I didn't say they were going to have a full carbon fork  they are going to have 105 though.




Its possible to get a CAAD9 with full red/DA/record, BB30, hollowgram cranks, and custom paint. A dealer simply has to order 30 of the same bike (not size, just spec) and as long as they ship the bike with the componets you want from Bethel, you can have it. 



The question then becomes; how many dealers think they can sell such a beast? Cannondale thinks Aluminum is dead. When we poked and prodded them about not offering the CAAD frame with higher end componets.............. they said thats what they _were_ and carbon is what they _will become_. 


For better, and most of the time worse, the average consumer wants Carbon, carbon, carbon, carbon.
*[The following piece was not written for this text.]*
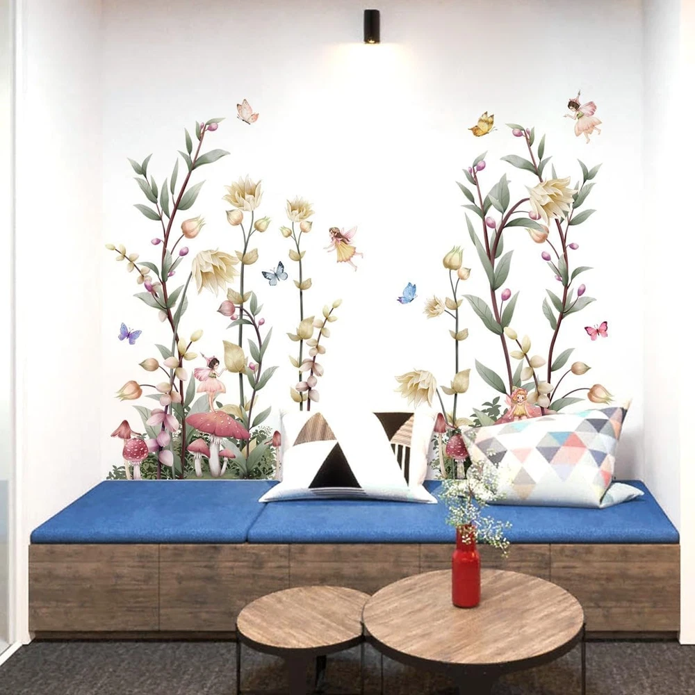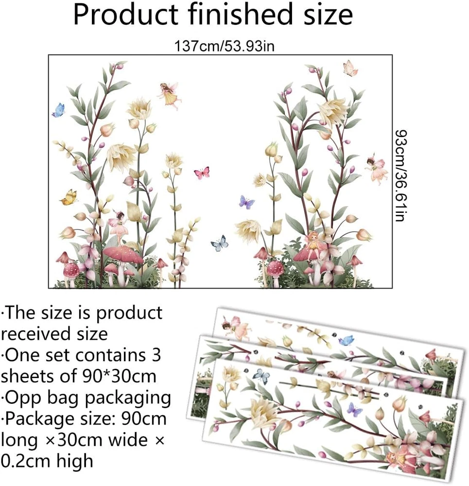 Decorative Wall Decals: This set includes 3 sheets of peel-and-stick wall decals featuring boho flowers design with wildflowers, butterflies, fairies and mushrooms. Versatile Decor: Boho-inspired wildflower wall decals with fairy and mushroom accents, perfect for adding a touch of nature to living rooms, bedrooms, or offices. Large Size: Each decal sheet measures 30cm x 90cm (11.8in x 35.4in), with a combined finished size of 137cm x 38cm (53.9in x 15in) when installed, offering ample coverage for transforming walls into captivating floral murals. Easy Installation: Peel-and-stick design allows for hassle-free application and removal without damaging walls, making it perfect for renters or those who love to update their decor frequently Removable Design: These wall decals can be repositioned or removed without leaving residue, enabling versatile decor changes. Bring the beauty of nature into your living space with these stunning boho flower wall decals. Featuring a delightful array of wildflowers, mushrooms, fairies and whimsical butterflies, this set of peel and stick wall decal is perfect for creating a serene and enchanting atmosphere in your living room, bedroom, or office. The vibrant colors and intricate details will instantly elevate the ambiance of any room. With a finished size of 53.93 inches wide x 36.61 inches high when assembled, these removable decals are easy to apply and reposition, allowing you to transform your walls without damaging them. Embrace the bohemian spirit and let these delightful floral wall decals add a touch of magic to your surroundings.

I don't need to tell most everyone here that the CAAD9 is a better riding and lighter frame than a cheap carbon one.................. but it ain't carbon. In the world of perpetual dick measurement (aka group rides and mag reviews) you ain't cool if you ain't carbon.

Not saying I agree, just saying how it is.

Starnut


----------



## slim0861 (May 12, 2007)

My apoligies STARNUT. After re-reading my post, I didn't mean to insinuate that you said the 105 trim would have a FC fork. What I was getting at is since my LBS has both the R7 and R6 and neither one have a carbon steer tube, the 105 might be ralph1's last hope of getting one spec'd on the CAAD9. I don't think C'dale will spec one even then. 
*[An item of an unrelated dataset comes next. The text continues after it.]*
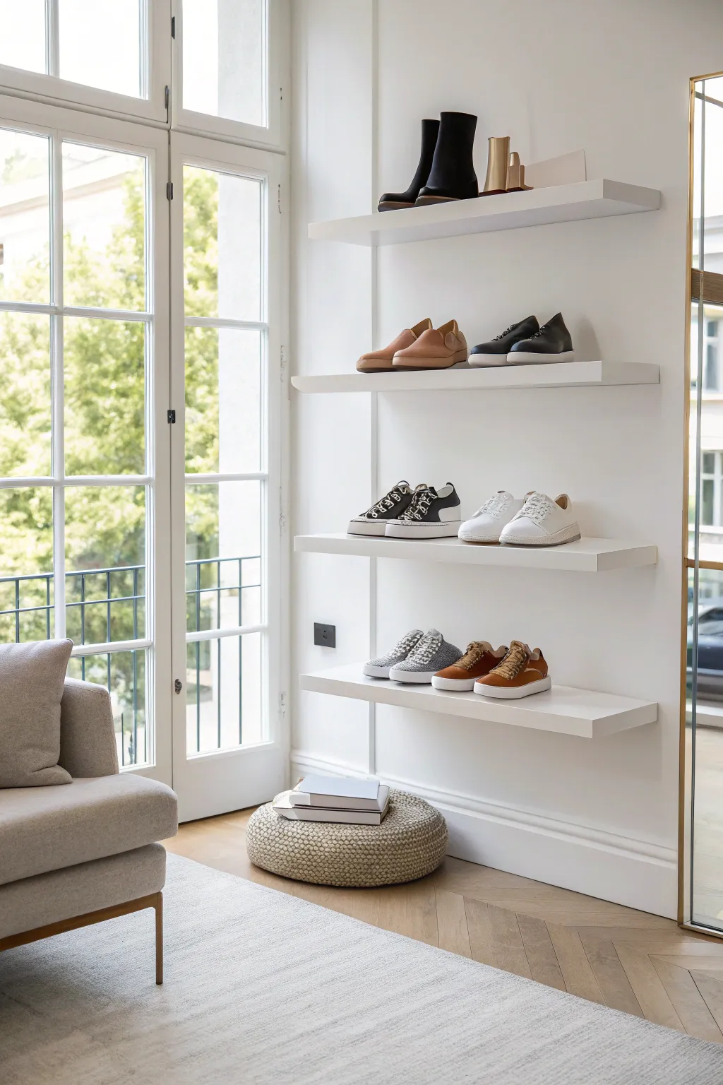 - Modern Drifting Wall Fixtures: Spruce up your area with smooth, modern drifting fixtures that beautifully showcase your footwear.

It's too bad the company that pushed, and in my opinion perfected aluminum, would see it's death. I just put my money down on an '09 CAAD9 in white and was the best bike I test rode. My only gripe is that it's a triple, but I'll yank that pretty soon.


----------



## STARNUT (Jun 19, 2005)

I was just giving you chit...................
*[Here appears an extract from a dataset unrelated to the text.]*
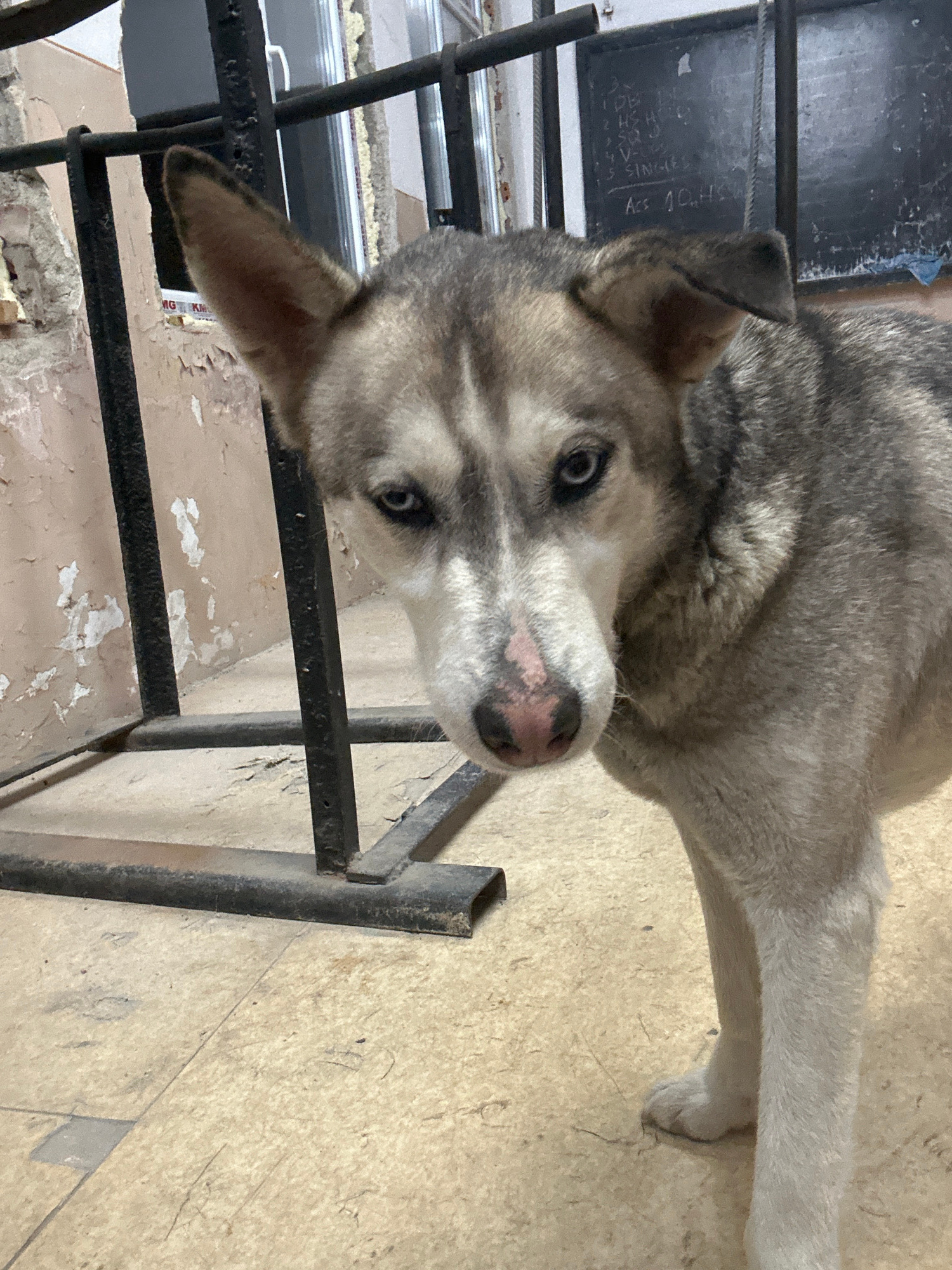 A medium-sized, grey and white husky dog is laying down. The dog's head is near a black metal object. The floor is beige. A wall with peeling paint is visible. A blackboard is visible in the backgroun…read more

I'm not sure they are making a full carbon non tapered fork for 09; thus, my comment.

I just got 27 of the white CAAD 9s in today  

Starnut


----------



## slim0861 (May 12, 2007)

My LBS had 2. They are now down to 1. That bike is scary fast. Even with the stock wheels. Can't wait to get my Ksyriums on it.


----------



## tommyrod74 (Jul 3, 2002)

STARNUT said:


> I was just giving you chit...................
> 
> 
> I'm not sure they are making a full carbon non tapered fork for 09; thus, my comment.
> ...


I talked to C-Dale today (I work for a dealer) and they don't have any non-tapered full carbon forks anymore. Thus, I ordered an Alpha-Q.... because my dark silver 2009 CAAD9 comes in this week! Stripping her down and building up with Rival/Force... should be sweet...


----------



## wankski (Jul 24, 2005)

ah no fair STARNUT !! 27 in white? how about sending one down to Oz for me? any chance?

seriously, how much do u sell the frameset over there for?

cheers


----------



## ralph1 (May 20, 2006)

*Take a number*



wankski said:


> ah no fair STARNUT !! 27 in white? how about sending one down to Oz for me? any chance?
> 
> seriously, how much do u sell the frameset over there for?
> 
> cheers


wankski.....stand in line mate, :wink: I have PM'd Starnut asking prices already. Another frustraded Oz bike rider.:thumbsup: 

cheers

Ralph


----------



## wankski (Jul 24, 2005)

seriously mate, its crazy here! this may work to our mutual advantage, the more serious aussie buyers there are, the more likely US vendors are to set up a deal, or perhaps even just ebay some w/ shipping avail worldwide ... that would be good enuff for me...

deadset serious interest right here.


----------



## johnnymossville (Jul 30, 2008)

I'll take mine in Silver and Orange.


----------



## chirobike (May 27, 2008)

Holy #$%...I love it CAAD 10. Makes me want to hack a caad9 up and build it. I'm thinking of doing that anyway just to see what the hell I can make out of it. I've got some aerospace welders that love crazy projects and would weld it up nice. I love the decals.

There are Caad9's with BB30 specs, I know it's been done for optimo and cyclocross. I've also seen a 2009 euro spec sheet with with pricing and model codes for a spec Caad9/bb30 on the net. Doesn't mean they will sell you one but it exists. Not sure why they don't want to except the fact that asian made/cannondale designed carbon frames are a heck of a lot cheaper in raw material/wholesale and they need the BB30 SI cranks for those bikes b/c that's the future of the company. It doesn't mean it's a better product just better in the sense it meets the companies needs/consumer demands...


----------



## ralph1 (May 20, 2006)

*Caad 10*



johnnymossville said:


> I'll take mine in Silver and Orange.


Holy crap Batman!!!!!:crazy: :yikes: If this is real and not a mock up sign me up for 1 in 60cm size thanks. 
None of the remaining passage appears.